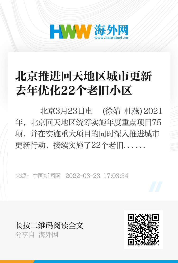 中新网北京3月23日电 (徐婧 杜燕)2021年,北京回天地区统筹实施年度重点项目75项,并在实施重大项目的同时深入推进城市更新行动,接续实施了22个老旧小区设施更新和环境优化,6条背街小巷完成整治提升,加装电梯28部,209个小区(村)完成智慧平安小区前端设备安装,1174处共享单车电子围栏启动建设。
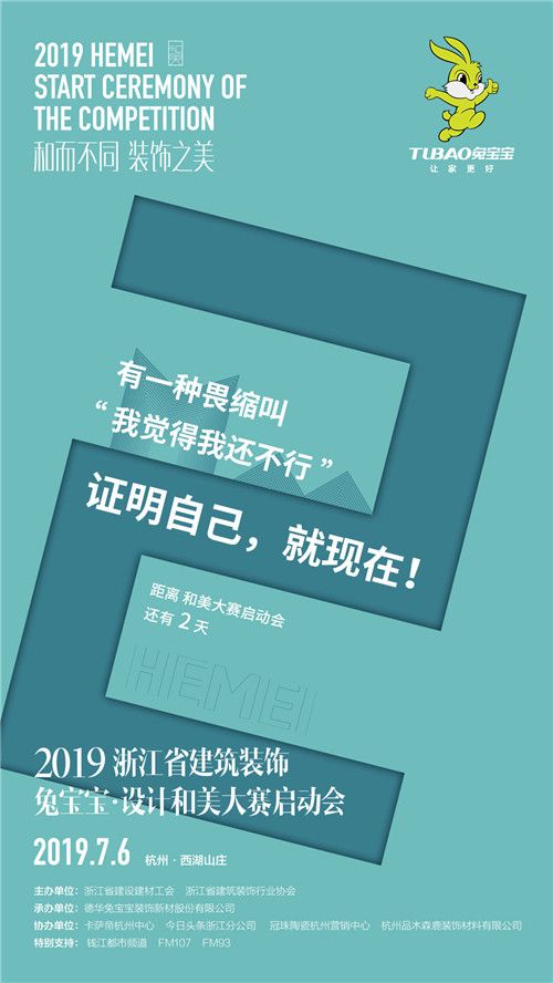 7月6日,2019年浙江省建筑装饰兔宝宝·设计和美大赛正式启动,让我们不见不散!
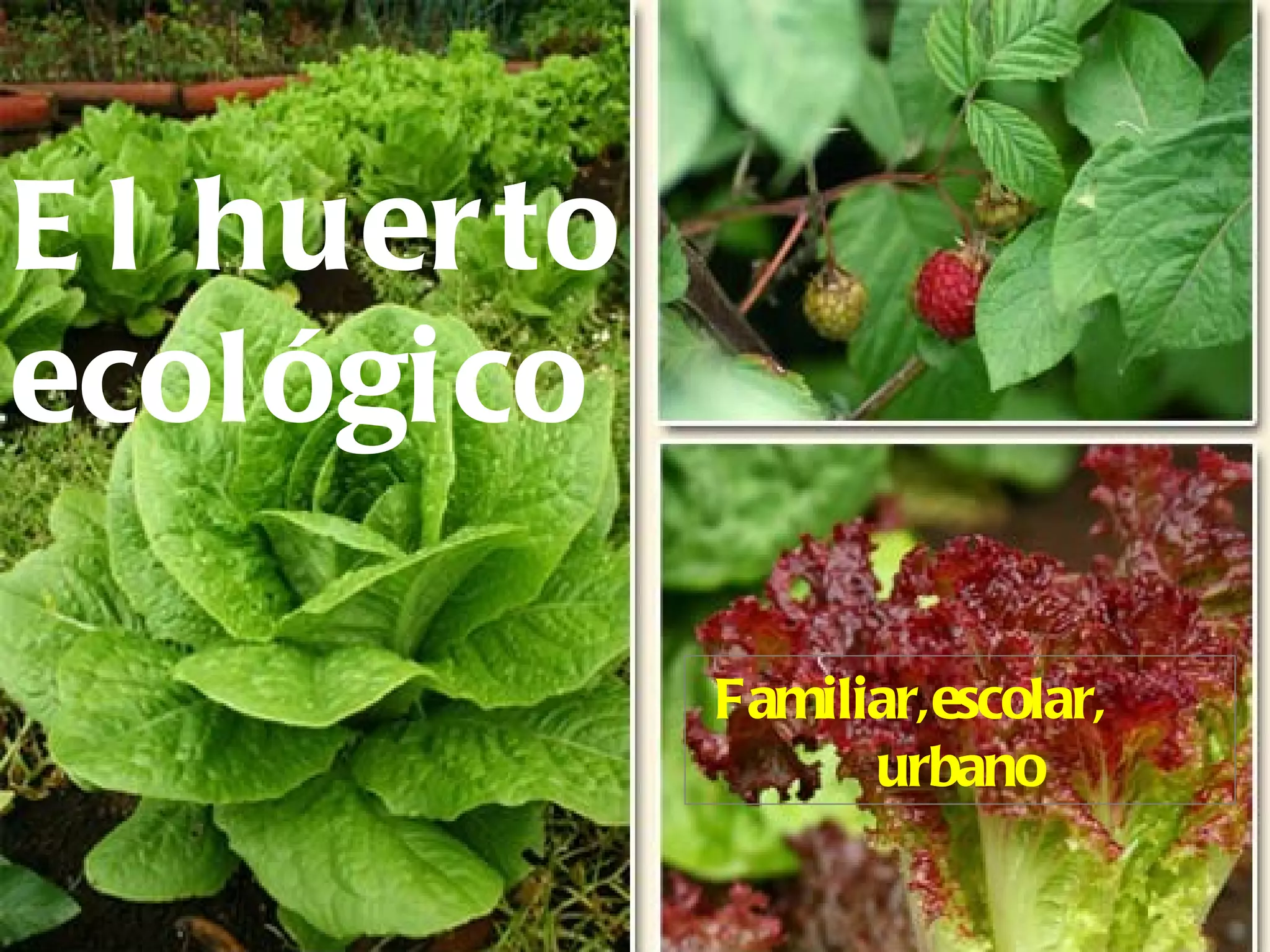 El documento habla sobre un huerto ecológico que puede ser familiar, escolar u urbano.
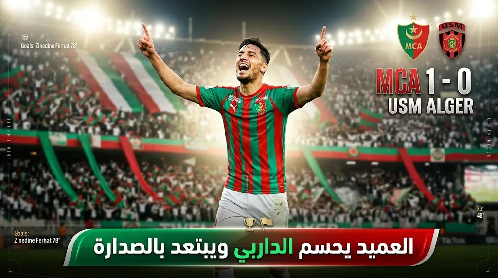 مولودية الجزائر تحسم داربي العاصمة أمام اتحاد العاصمة وتوسع الفارق في صدارة الدوري الجزائري
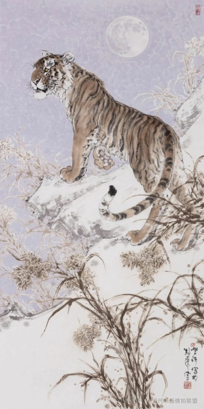 访各大动物园,进行观察写生、搜集素材,废寝忘食,朝斯夕斯,成了真正的当代“虎痴”。耕耘必有收获,近年其头角崭露,不仅屡屡入选大展、获奖,并多次举办个展,深获好评。
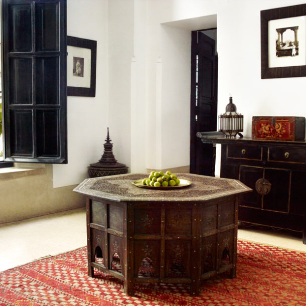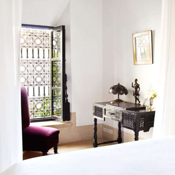 Die Asilah Suite begrüßt Sie in Form einer Suite von Zimmern in der ersten Etage. Der Sitzbereich besticht mit einem offenen Kamin. Angrenzend befindet sich ein farbenfrohes Tadelakt-Badezimmer. Große Fenster und ein großes Dachfenster lassen viel Tageslicht herein. Das Schlafzimmer mit seinem Himmelbett, einem geräumigen Schrank und einem Schreibtisch bietet Aussicht auf den Hofgarten und den Pool.
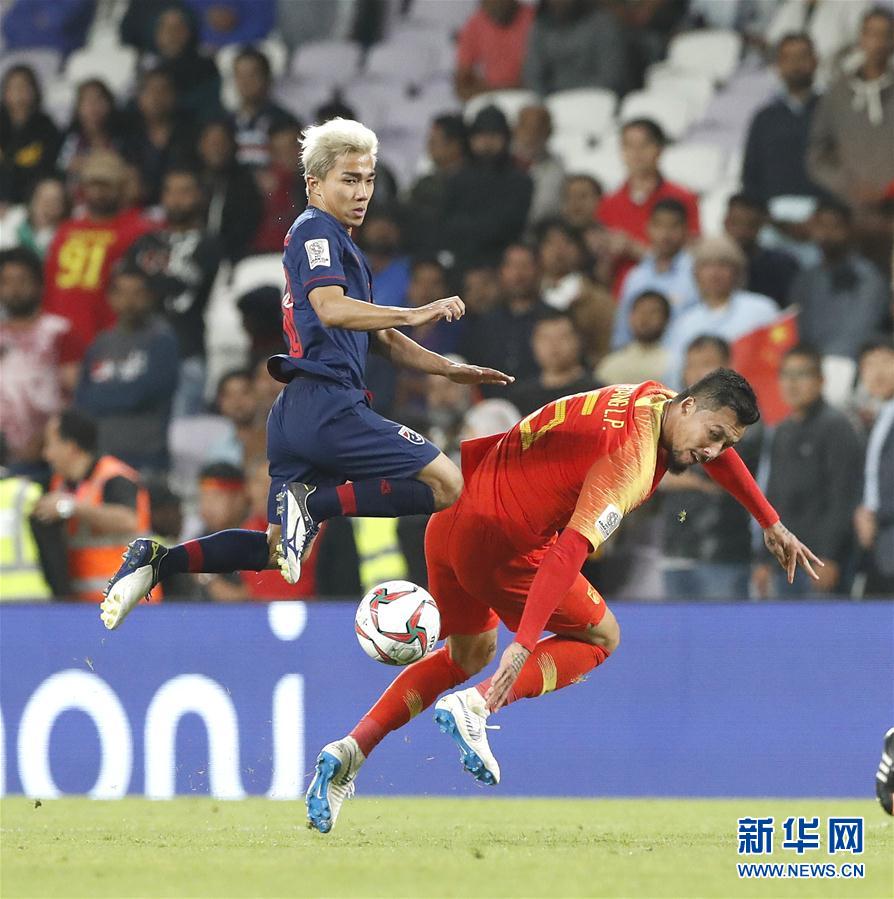 1月20日,中國隊球員張琳芃(右)與泰國隊球員猜納迪在比賽中拼搶。 當日,在阿聯酋艾因舉行的2019年亞洲杯足球賽八分之一決賽中,中國隊以2比1戰勝泰國隊,晉級八強。 新華社記者丁旭攝
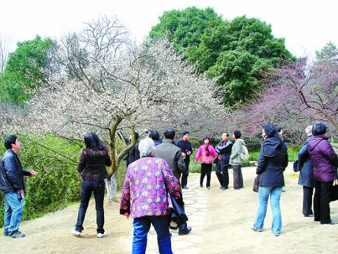 梅花专家胡中指着已绽放吐艳的梅花向记者介绍:那细枝花红、如霞似火的是“朱砂”;那树势高昂、玫瑰色花朵的是“多萼朱砂”;那花色洁白、散发出淡淡幽香的是“白梅”;那花瓣翠绿、晶莹如玉的是“绿萼”…… 随着气温上升,二月下旬是梅花旺花期。届时,灵峰梅花将呈现出五彩缤纷,繁花似锦的景象,令人美不胜收。
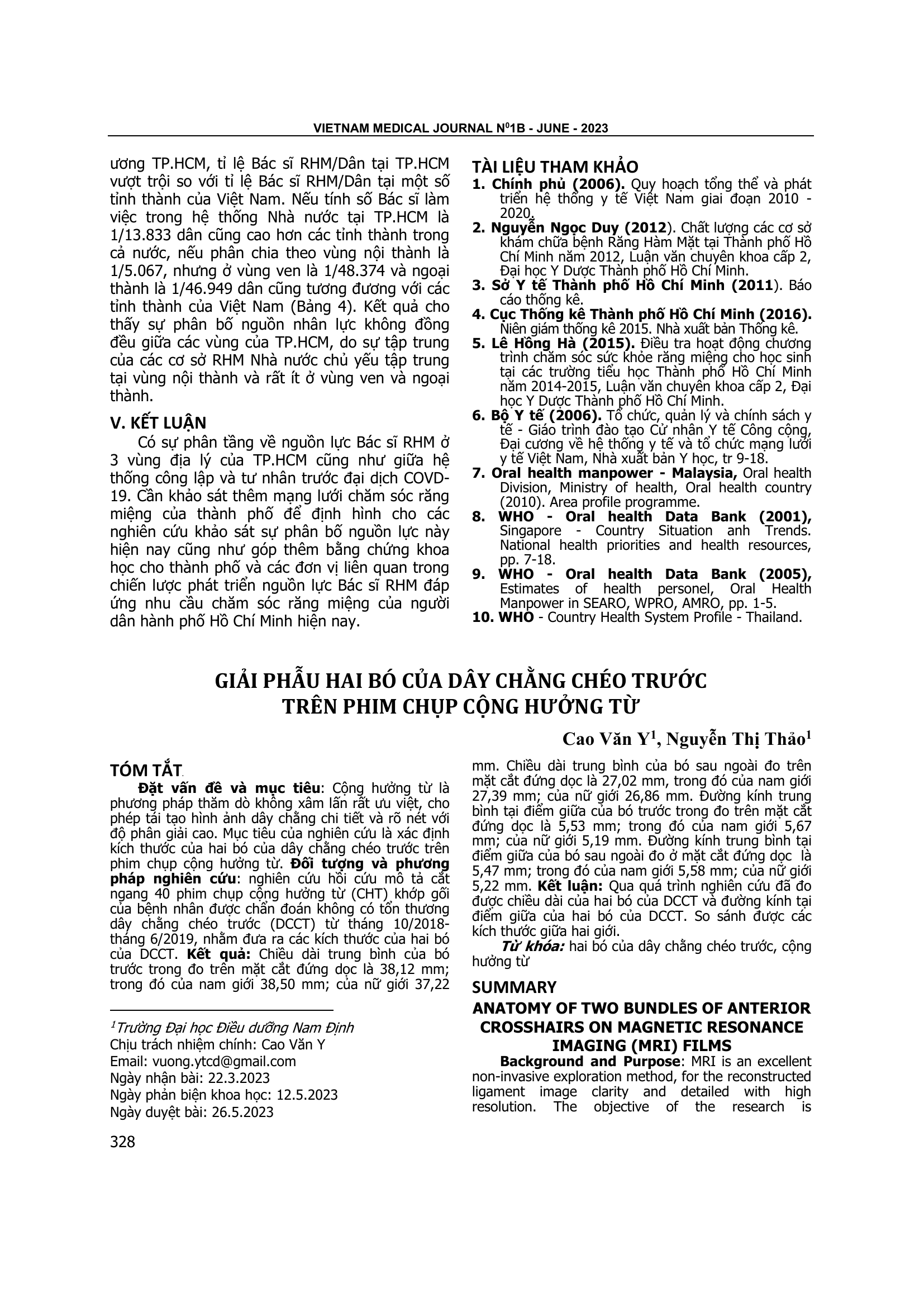 Cộng hưởng từ là phương pháp thăm dò không xâm lấn rất ưu việt, cho phép tái tạo hình ảnh dây chằng chi tiết và rõ nét với độ phân giải cao. Mục tiêu của nghiên cứu là xác định kích thước của hai bó của dây chằng chéo trước trên phim chụp cộng hưởng từ. Đối tượng và phương pháp nghiên cứu: nghiên cứu hồi cứu mô tả cắt ngang 40 phim chụp cộng hưởng từ (CHT) khớp gối của bệnh nhân được chẩn đoán không có tổn thương dây chằng chéo trước (DCCT) từ tháng 10/2018- tháng 6/2019, nhằm đưa ra các kích thước của hai bó của DCCT. Kết quả: Chiều dài trung bình của bó trước trong đo trên mặt cắt đứng dọc là 38,12 mm; trong đó của nam giới 38,50 mm; của nữ giới 37,22 mm. Chiều dài trung bình của bó sau ngoài đo trên mặt cắt đứng dọc là 27,02 mm, trong đó của nam giới 27,39 mm; của nữ giới 26,86 mm. Đường kính trung bình tại điểm giữa của bó trước trong đo trên mặt cắt đứng dọc là 5,53 mm; trong đó của nam giới 5,67 mm; của nữ giới 5,19 mm. Đường kính trung bình tại điểm giữa của bó sau ngoài đo ở mặt cắt đứng dọc là 5,47 mm; trong đó của nam giới 5,58 mm; của nữ giới 5,22 mm. Kết luận: Qua quá trình nghiên cứu đã đo được chiều dài của hai bó của DCCT và đường kính tại điểm giữa của hai bó của DCCT. So sánh được các kích thước giữa hai giới.

==========

▸ **WHAT IS NEEDED**:
Write out the material above once more, word for word. Images stay out.

▸ **COMPLETED TASK**:
 中新网北京3月23日电 (徐婧 杜燕)2021年,北京回天地区统筹实施年度重点项目75项,并在实施重大项目的同时深入推进城市更新行动,接续实施了22个老旧小区设施更新和环境优化,6条背街小巷完成整治提升,加装电梯28部,209个小区(村)完成智慧平安小区前端设备安装,1174处共享单车电子围栏启动建设。
 7月6日,2019年浙江省建筑装饰兔宝宝·设计和美大赛正式启动,让我们不见不散!
 El documento habla sobre un huerto ecológico que puede ser familiar, escolar u urbano.
 مولودية الجزائر تحسم داربي العاصمة أمام اتحاد العاصمة وتوسع الفارق في صدارة الدوري الجزائري
 访各大动物园,进行观察写生、搜集素材,废寝忘食,朝斯夕斯,成了真正的当代“虎痴”。耕耘必有收获,近年其头角崭露,不仅屡屡入选大展、获奖,并多次举办个展,深获好评。
 Die Asilah Suite begrüßt Sie in Form einer Suite von Zimmern in der ersten Etage. Der Sitzbereich besticht mit einem offenen Kamin. Angrenzend befindet sich ein farbenfrohes Tadelakt-Badezimmer. Große Fenster und ein großes Dachfenster lassen viel Tageslicht herein. Das Schlafzimmer mit seinem Himmelbett, einem geräumigen Schrank und einem Schreibtisch bietet Aussicht auf den Hofgarten und den Pool.
 1月20日,中國隊球員張琳芃(右)與泰國隊球員猜納迪在比賽中拼搶。 當日,在阿聯酋艾因舉行的2019年亞洲杯足球賽八分之一決賽中,中國隊以2比1戰勝泰國隊,晉級八強。 新華社記者丁旭攝
 梅花专家胡中指着已绽放吐艳的梅花向记者介绍:那细枝花红、如霞似火的是“朱砂”;那树势高昂、玫瑰色花朵的是“多萼朱砂”;那花色洁白、散发出淡淡幽香的是“白梅”;那花瓣翠绿、晶莹如玉的是“绿萼”…… 随着气温上升,二月下旬是梅花旺花期。届时,灵峰梅花将呈现出五彩缤纷,繁花似锦的景象,令人美不胜收。
 Cộng hưởng từ là phương pháp thăm dò không xâm lấn rất ưu việt, cho phép tái tạo hình ảnh dây chằng chi tiết và rõ nét với độ phân giải cao. Mục tiêu của nghiên cứu là xác định kích thước của hai bó của dây chằng chéo trước trên phim chụp cộng hưởng từ. Đối tượng và phương pháp nghiên cứu: nghiên cứu hồi cứu mô tả cắt ngang 40 phim chụp cộng hưởng từ (CHT) khớp gối của bệnh nhân được chẩn đoán không có tổn thương dây chằng chéo trước (DCCT) từ tháng 10/2018- tháng 6/2019, nhằm đưa ra các kích thước của hai bó của DCCT. Kết quả: Chiều dài trung bình của bó trước trong đo trên mặt cắt đứng dọc là 38,12 mm; trong đó của nam giới 38,50 mm; của nữ giới 37,22 mm. Chiều dài trung bình của bó sau ngoài đo trên mặt cắt đứng dọc là 27,02 mm, trong đó của nam giới 27,39 mm; của nữ giới 26,86 mm. Đường kính trung bình tại điểm giữa của bó trước trong đo trên mặt cắt đứng dọc là 5,53 mm; trong đó của nam giới 5,67 mm; của nữ giới 5,19 mm. Đường kính trung bình tại điểm giữa của bó sau ngoài đo ở mặt cắt đứng dọc là 5,47 mm; trong đó của nam giới 5,58 mm; của nữ giới 5,22 mm. Kết luận: Qua quá trình nghiên cứu đã đo được chiều dài của hai bó của DCCT và đường kính tại điểm giữa của hai bó của DCCT. So sánh được các kích thước giữa hai giới.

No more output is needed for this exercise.